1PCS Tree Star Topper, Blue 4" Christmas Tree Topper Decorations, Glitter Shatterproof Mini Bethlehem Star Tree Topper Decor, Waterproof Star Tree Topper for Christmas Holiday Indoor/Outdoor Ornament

==

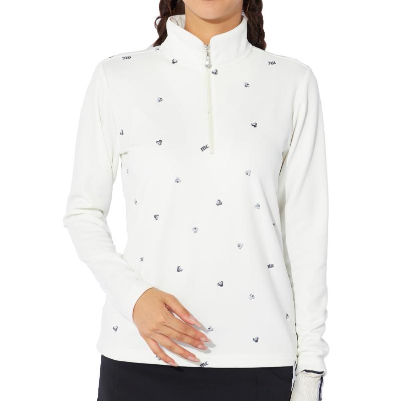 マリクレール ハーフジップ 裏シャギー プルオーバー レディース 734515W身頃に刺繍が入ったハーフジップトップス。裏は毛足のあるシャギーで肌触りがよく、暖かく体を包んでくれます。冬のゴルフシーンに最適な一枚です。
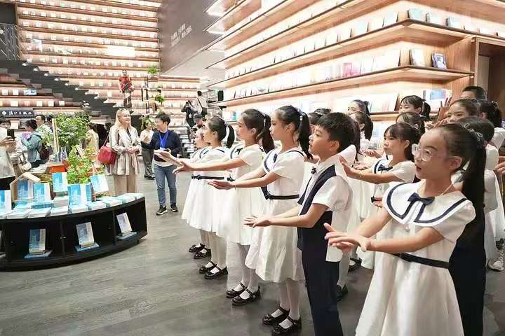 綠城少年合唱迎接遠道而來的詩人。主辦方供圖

Task instructions: Although the records hold pictures, the copy must not; give again exactly the lines from the one with "マリクレール ハーフジップ 裏シャギー" through the one with "綠城少年合唱迎接遠道而來的詩人。主辦方供圖".

Response for this exercise:
 マリクレール ハーフジップ 裏シャギー プルオーバー レディース 734515W身頃に刺繍が入ったハーフジップトップス。裏は毛足のあるシャギーで肌触りがよく、暖かく体を包んでくれます。冬のゴルフシーンに最適な一枚です。
 綠城少年合唱迎接遠道而來的詩人。主辦方供圖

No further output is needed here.